#### [PROBLEM STATEMENT]
Copy all the records exactly, but keep the pictures out of your version.

#### [EXCERPTED DATA]
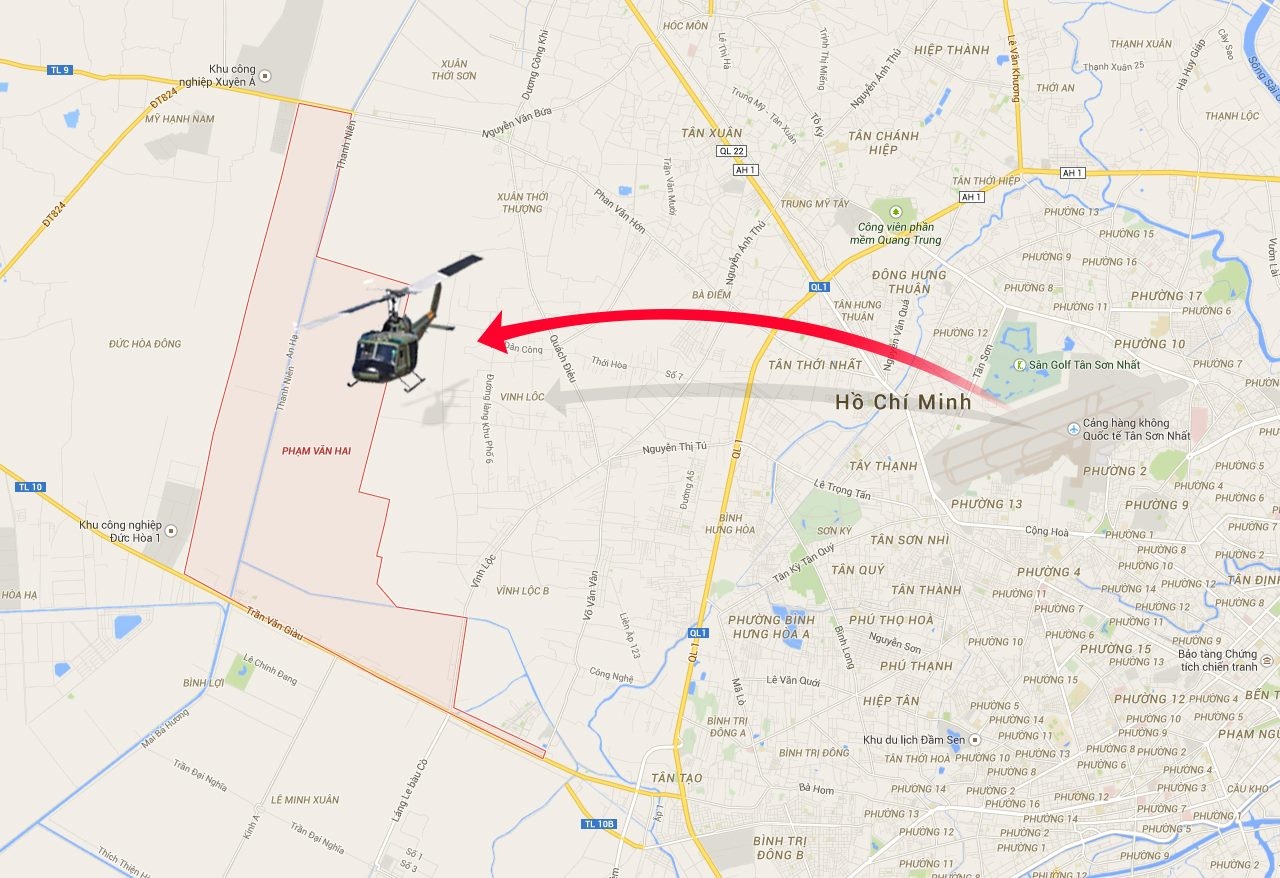 | Mô tả vị trí xuất phát và rơi của trực thăng UH-1. Đồ họa: Nguyên Anh. |
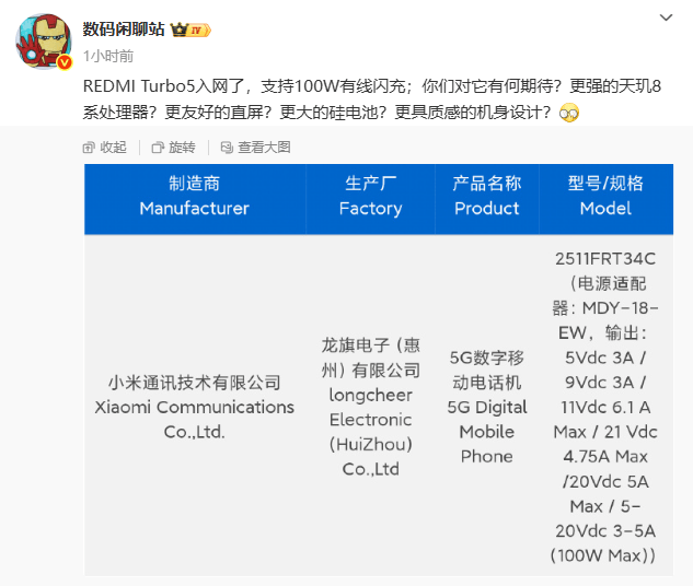据博主数码闲聊站爆料,Redmi 旗下性能旗舰 Turbo5 正式通过工信部入网认证,确认支持 100W 有线闪充的核心参数,配合此前多方爆料的天玑 8500 处理器与超大容量电池,这款定位中端市场的机型正构建起「性能 - 续航 - 补能」的全维优势。
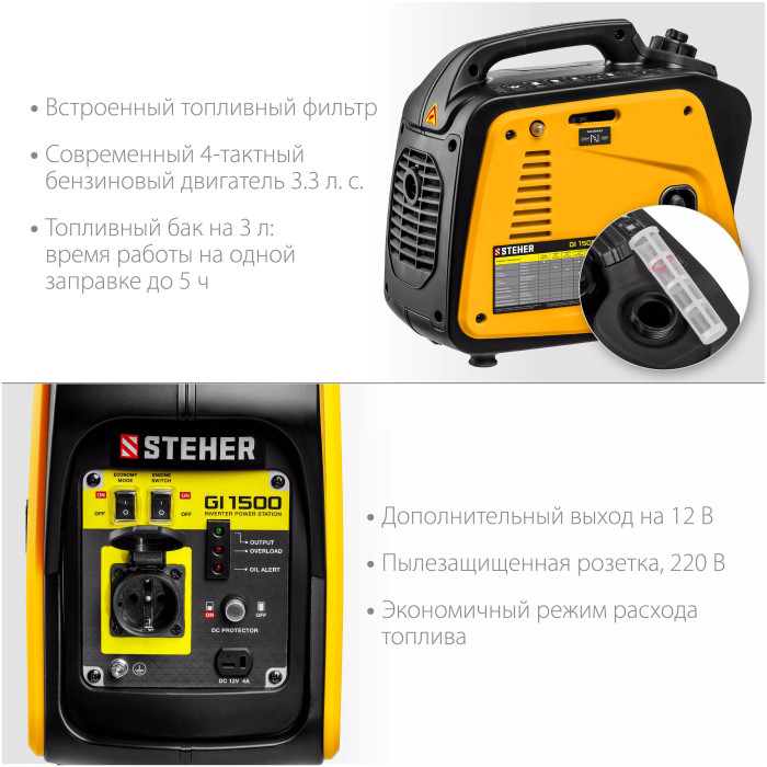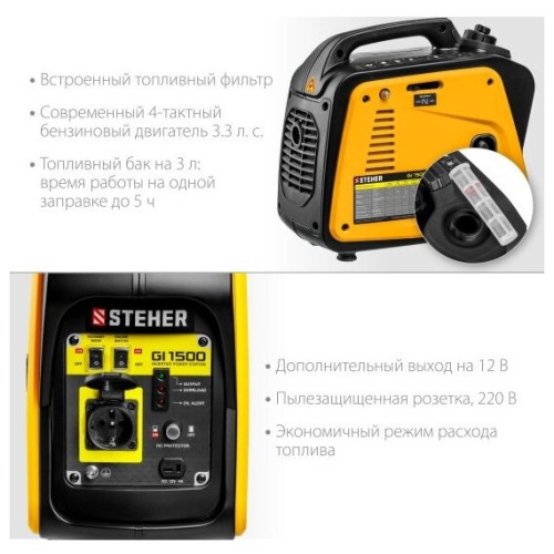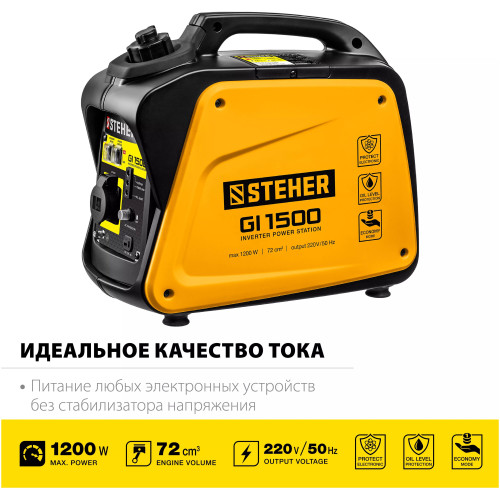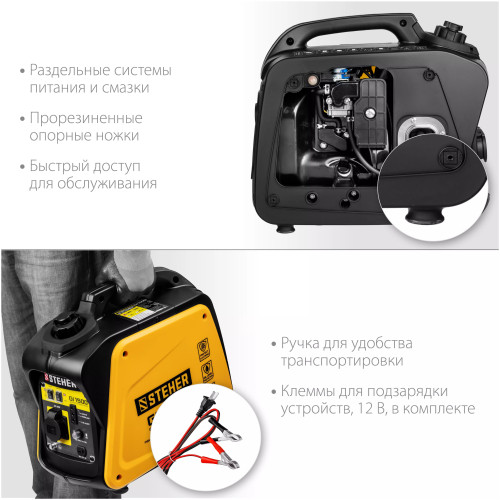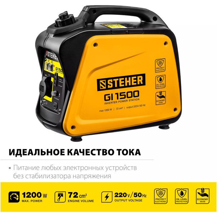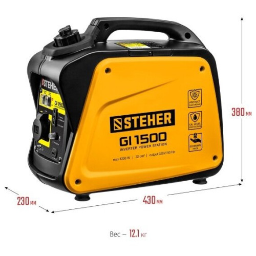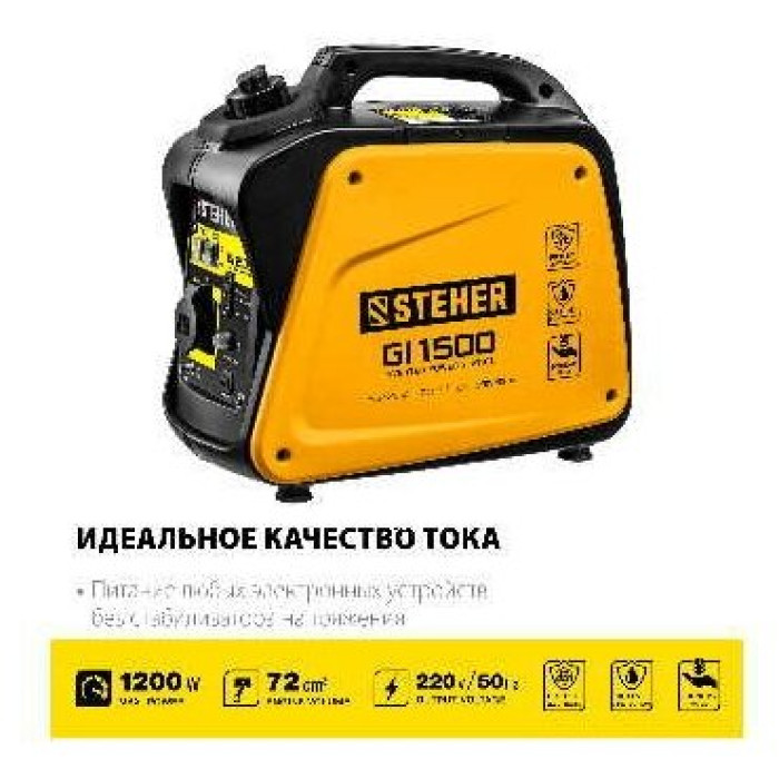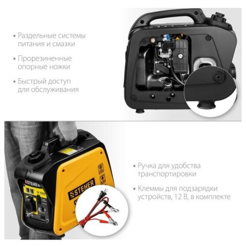 тип: бензиновый, номинальная мощность: 1000 Вт, максимальная мощность: 1200 Вт, запуск: ручной, число фаз: 1, вес: 12 кг, тип охлаждения: воздушное, Число розеток 220 В: 1, особенности: инверторный генератор
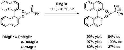 Protected at the aldehyde function with (R)-BINOL, arylglyoxals reacted diastereoselectively with Grignard reagents to afford protected atrolactaldehyde with moderate to excellent diastereomeric excess and high yields.[14]
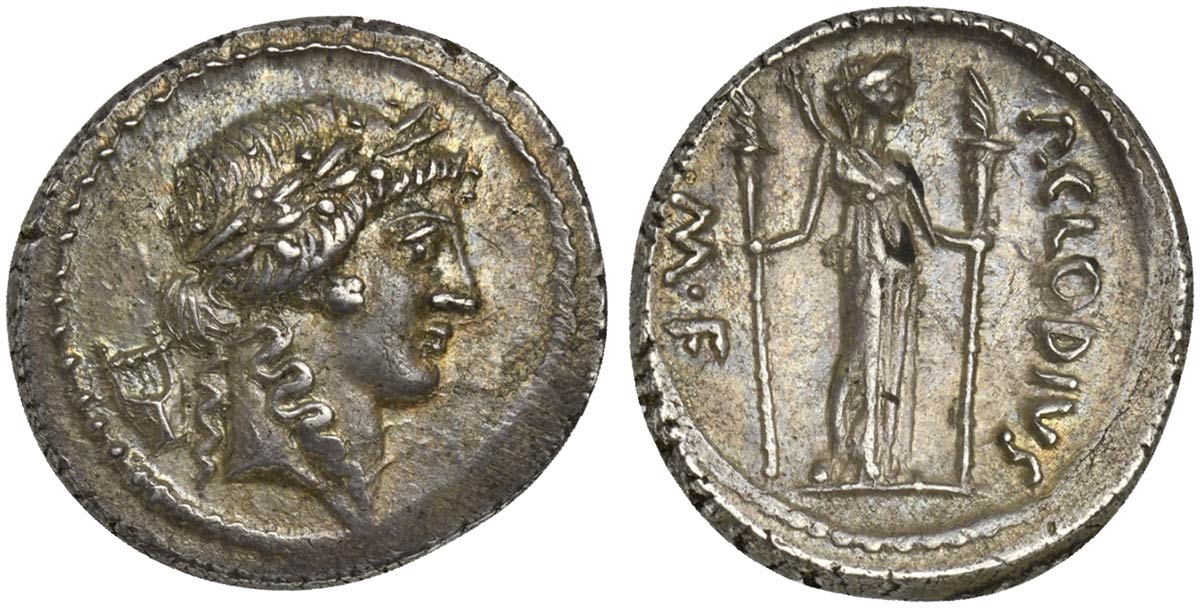 The Caesarians - P. Clodius M.f., Denarius, Rome, 42 BC; AR (g 3,74; mm 19; h 5); Laureate head of Apollo r.; behind, lyre, Rv. Diana standing r., with bow and quiver over shoulder, holding two lighted torches; on r., P CLODIVS; on l., M F. Crawford 494/23; Clodia 15; Sydenham 1117.

#### [ANSWER TO THIS TASK]
 | Mô tả vị trí xuất phát và rơi của trực thăng UH-1. Đồ họa: Nguyên Anh. |
据博主数码闲聊站爆料,Redmi 旗下性能旗舰 Turbo5 正式通过工信部入网认证,确认支持 100W 有线闪充的核心参数,配合此前多方爆料的天玑 8500 处理器与超大容量电池,这款定位中端市场的机型正构建起「性能 - 续航 - 补能」的全维优势。
 тип: бензиновый, номинальная мощность: 1000 Вт, максимальная мощность: 1200 Вт, запуск: ручной, число фаз: 1, вес: 12 кг, тип охлаждения: воздушное, Число розеток 220 В: 1, особенности: инверторный генератор
 Protected at the aldehyde function with (R)-BINOL, arylglyoxals reacted diastereoselectively with Grignard reagents to afford protected atrolactaldehyde with moderate to excellent diastereomeric excess and high yields.[14]
 The Caesarians - P. Clodius M.f., Denarius, Rome, 42 BC; AR (g 3,74; mm 19; h 5); Laureate head of Apollo r.; behind, lyre, Rv. Diana standing r., with bow and quiver over shoulder, holding two lighted torches; on r., P CLODIVS; on l., M F. Crawford 494/23; Clodia 15; Sydenham 1117.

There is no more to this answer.